§ **Task input**:

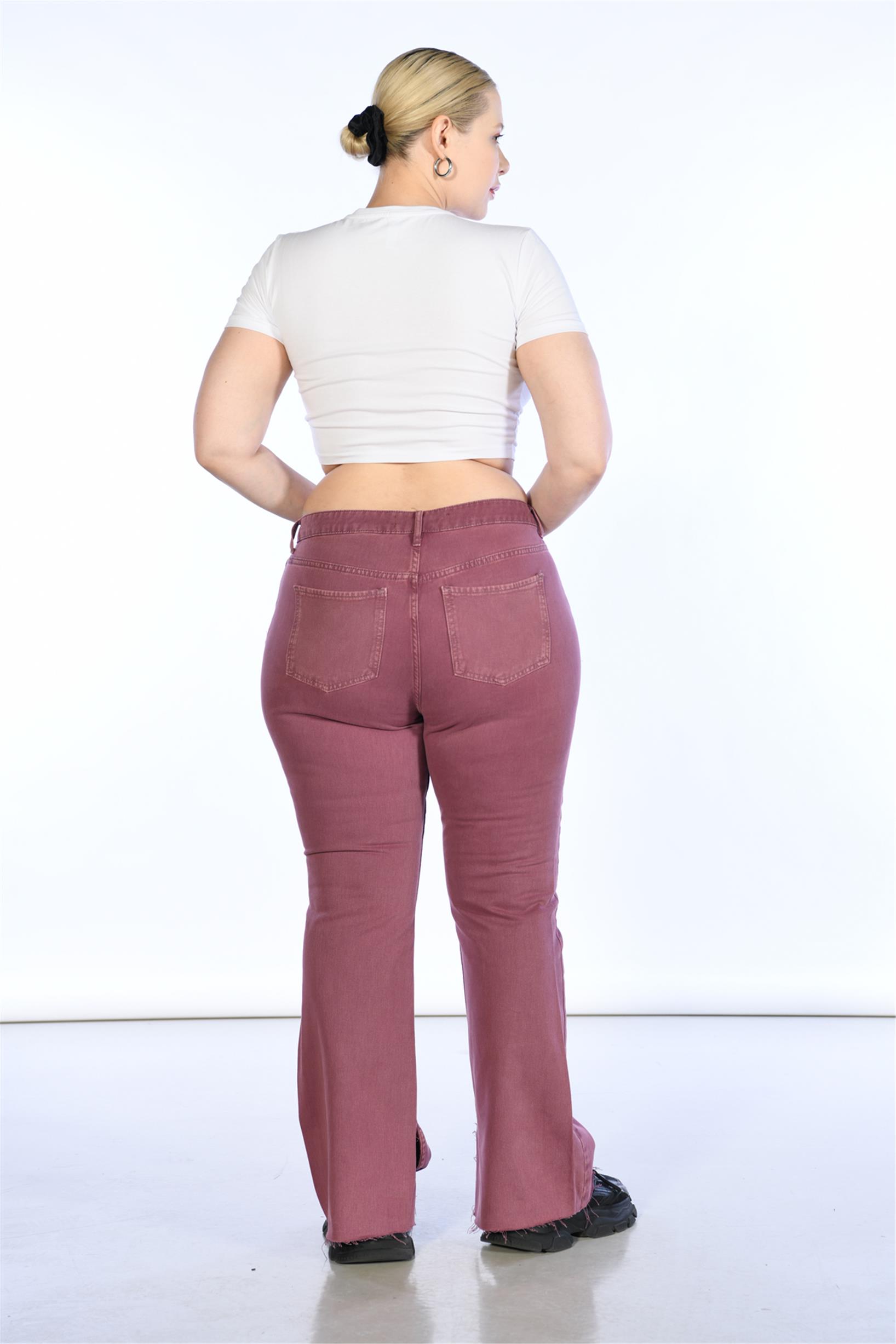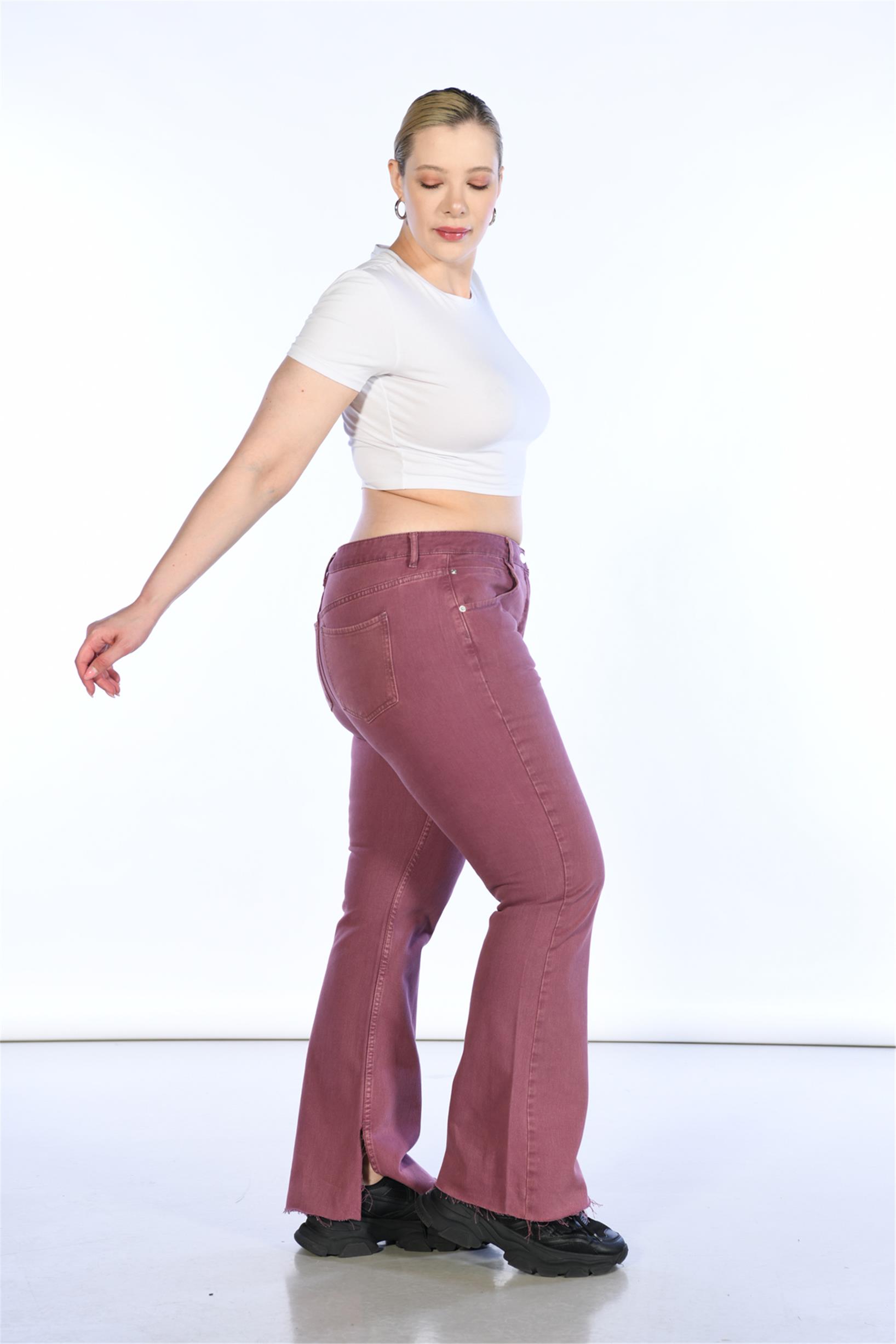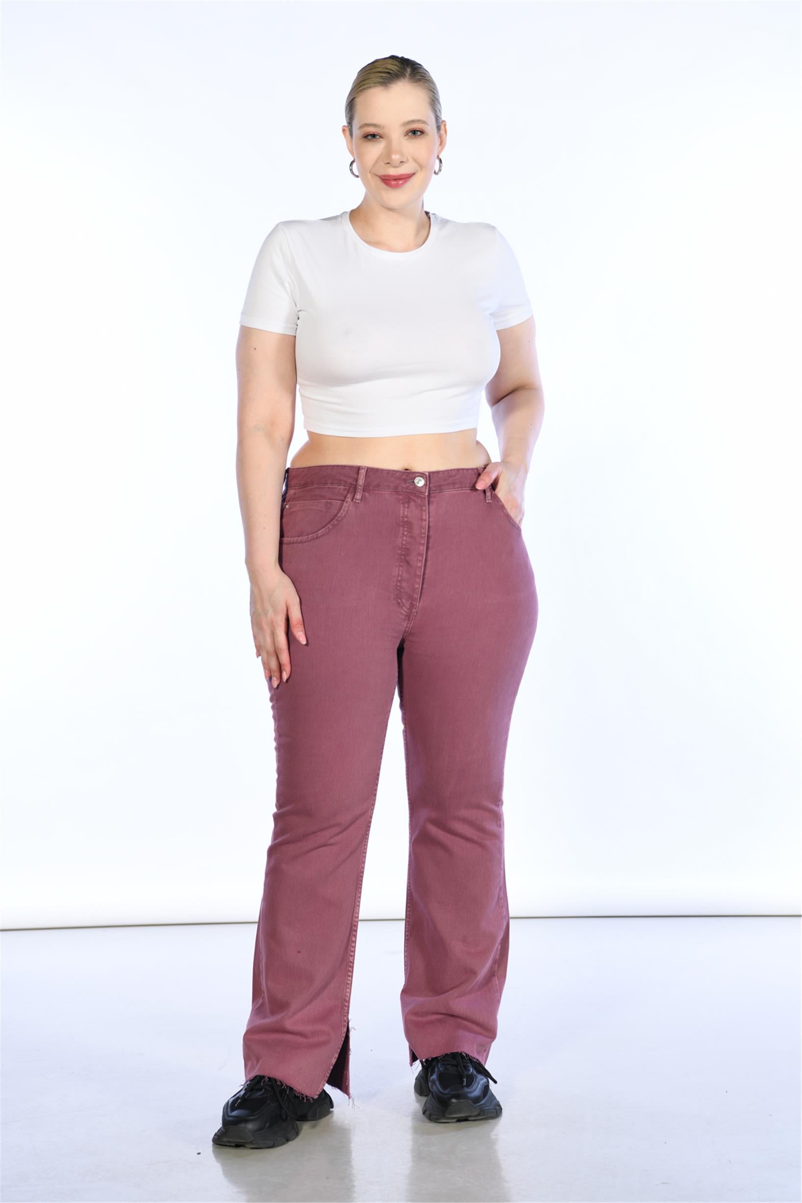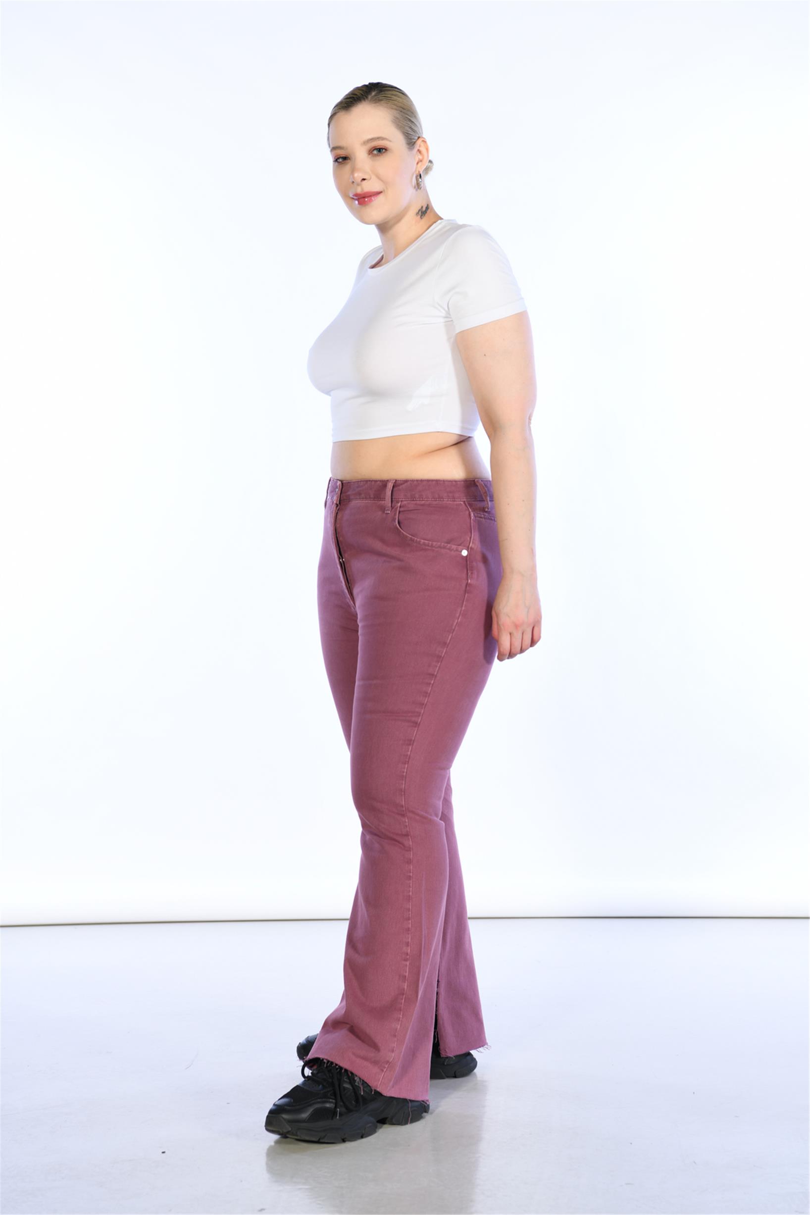 Büyük Beden Vizon Yüksek Bel Flare Jeans
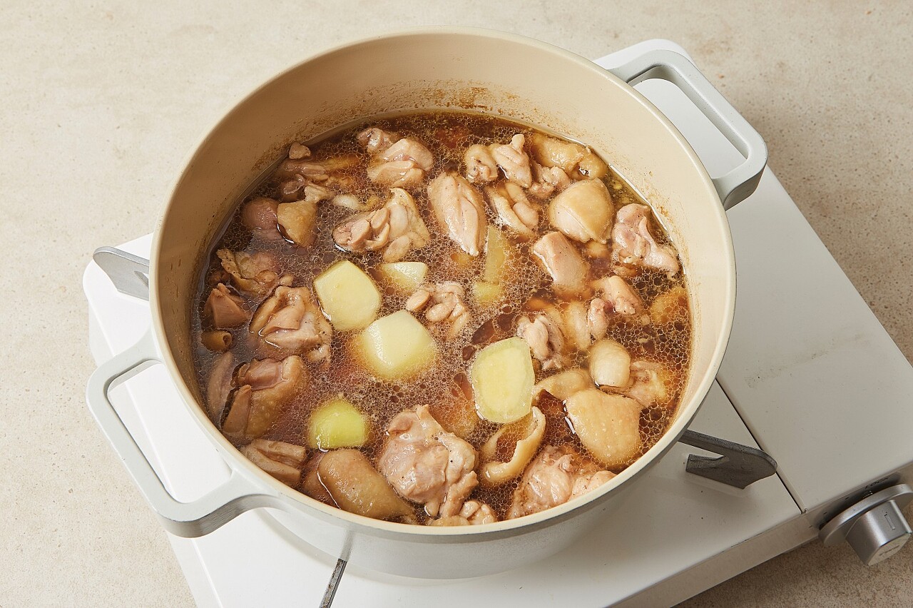 4. 끓어오르면 손질한 닭다릿살과
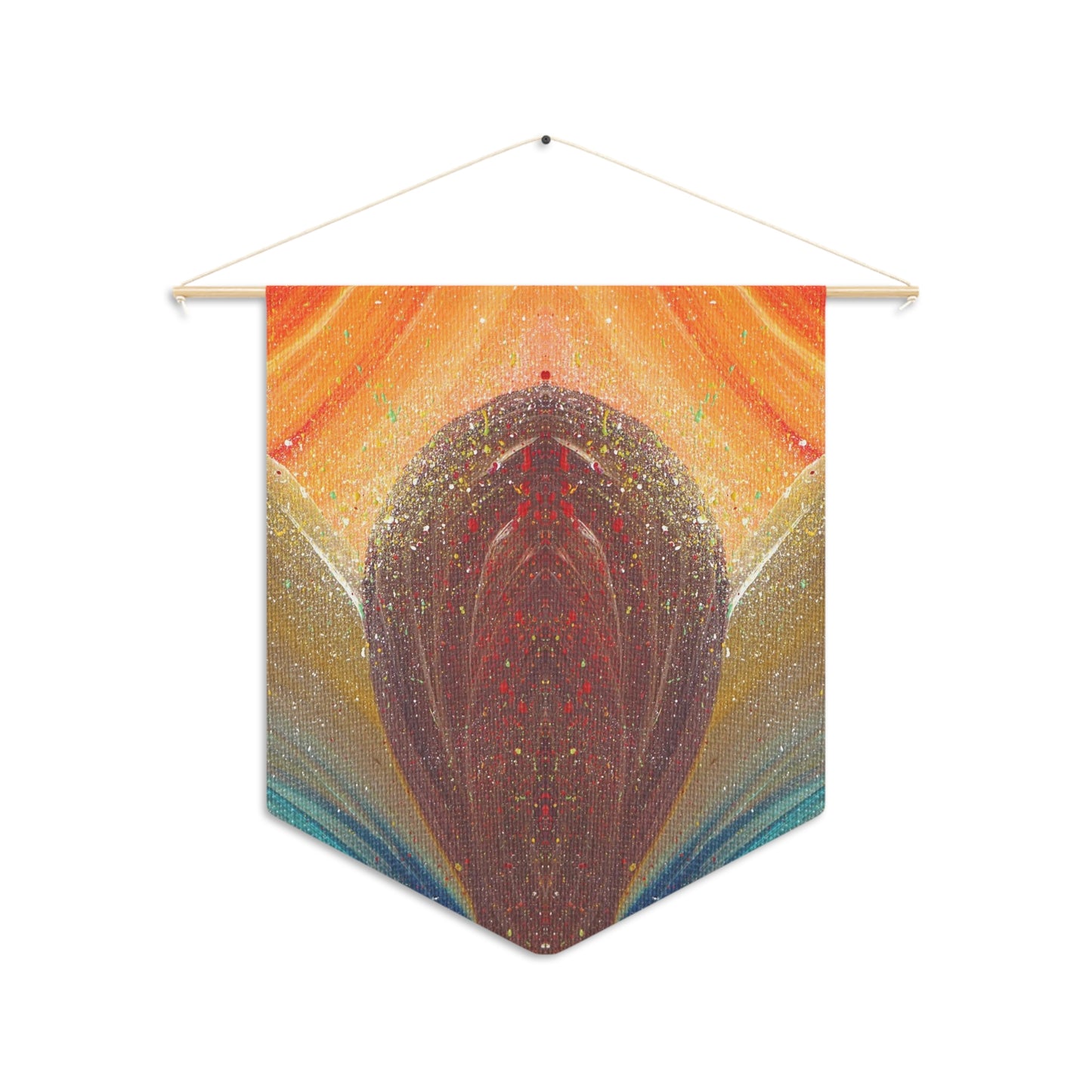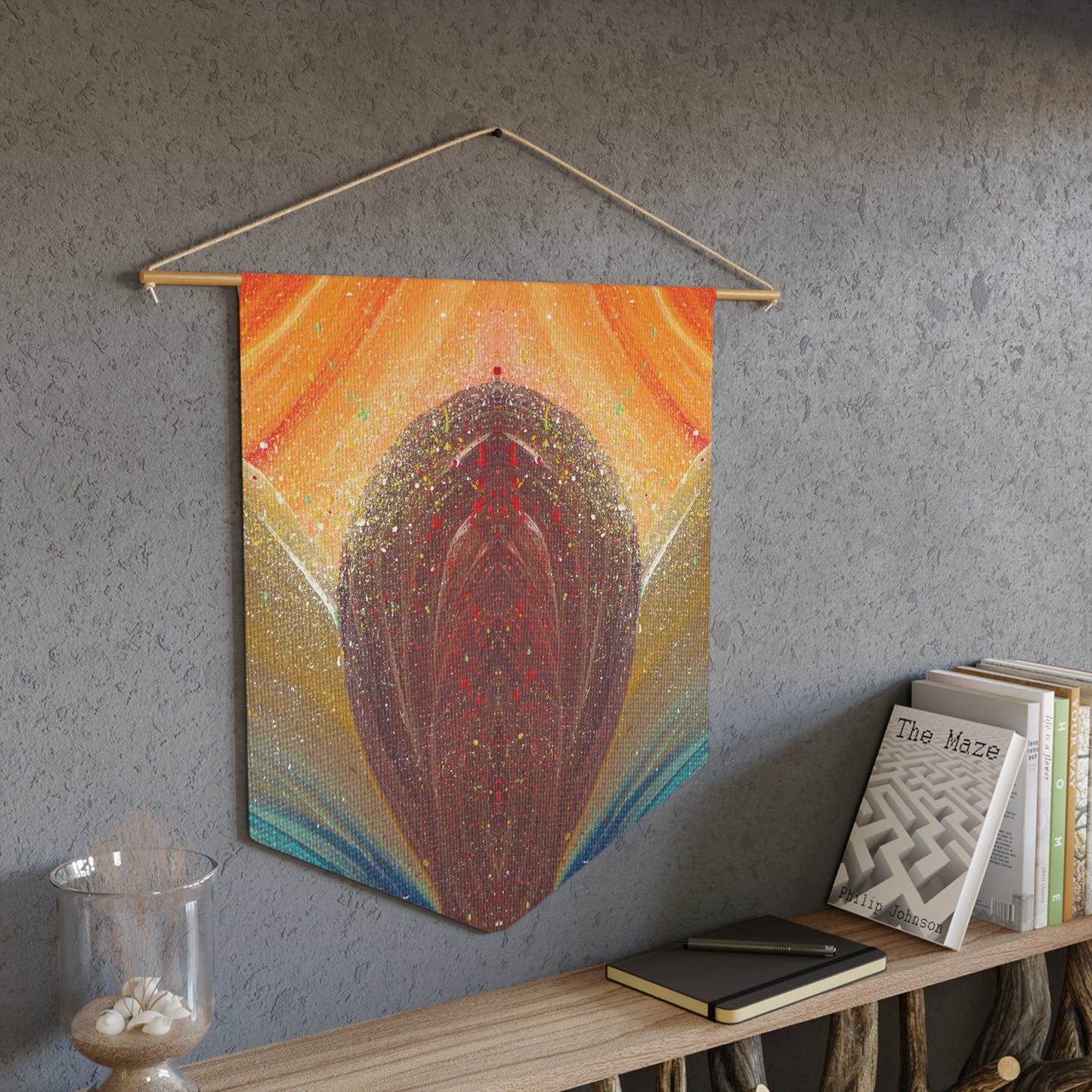 Each tapestry comes with a wooden dowel and twine frame for simple hanging, and is 18 inches wide by 21 inches long. These are lightweight and long-lasting poly-twill tapestries, each featuring unique and vibrant artwork.
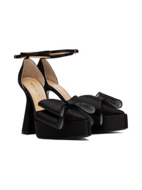 Satin heels in black. · Pointed toe · Crystal-cut bow accent at vamp · Adjustable wraparound pin-buckle ankle straps · Logo stamped at padded footbed · Covered platform midsole · Covered block heel with rubber injection · Leather outsole · Platform: H1.25 in · Heels: H5 in Supplier color: Black
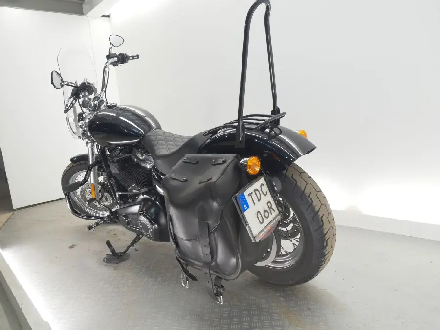 Fin Softail Standard -21 med 1620 mil på mätaren. En ägare, sidoflyttad regplåt, framflyttade fotreglage, sissybar, pakethållare, S&S-dämpare, hiflowfilter, customsadel, vindruta, motorbåge, custompinnar/handtag/speglar, m.m. Originaldelar medföljer. Vi har butiker i Stockholm, Göteborg och Malmö.
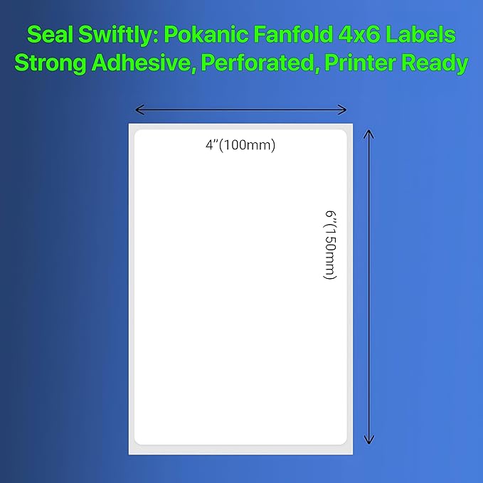 Fanfold 4 x 6 inch Thermal Labels Stack Direct White Strong Adhesive Perforated Postage Shipping Printer Compatible with Zebra SNBC Epson Rollo (6000, Fanfold)
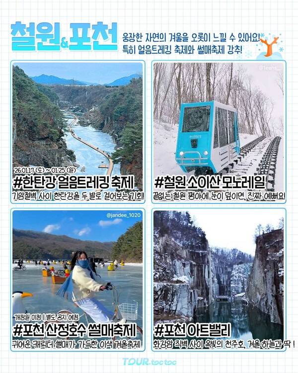 ✅ 철원 한탄강 얼음트레킹 축제 ✅ 철원 소이산 모노레일 ✅ 포천 산정호수 썰매축제 ✅ 포천 아트밸리

§ **Work instructions**:
Print out the whole of the material word for word, without pictures.

§ **Answer section**:
 Büyük Beden Vizon Yüksek Bel Flare Jeans
 4. 끓어오르면 손질한 닭다릿살과
 Each tapestry comes with a wooden dowel and twine frame for simple hanging, and is 18 inches wide by 21 inches long. These are lightweight and long-lasting poly-twill tapestries, each featuring unique and vibrant artwork.
 Satin heels in black. · Pointed toe · Crystal-cut bow accent at vamp · Adjustable wraparound pin-buckle ankle straps · Logo stamped at padded footbed · Covered platform midsole · Covered block heel with rubber injection · Leather outsole · Platform: H1.25 in · Heels: H5 in Supplier color: Black
 Fin Softail Standard -21 med 1620 mil på mätaren. En ägare, sidoflyttad regplåt, framflyttade fotreglage, sissybar, pakethållare, S&S-dämpare, hiflowfilter, customsadel, vindruta, motorbåge, custompinnar/handtag/speglar, m.m. Originaldelar medföljer. Vi har butiker i Stockholm, Göteborg och Malmö.
 Fanfold 4 x 6 inch Thermal Labels Stack Direct White Strong Adhesive Perforated Postage Shipping Printer Compatible with Zebra SNBC Epson Rollo (6000, Fanfold)
 ✅ 철원 한탄강 얼음트레킹 축제 ✅ 철원 소이산 모노레일 ✅ 포천 산정호수 썰매축제 ✅ 포천 아트밸리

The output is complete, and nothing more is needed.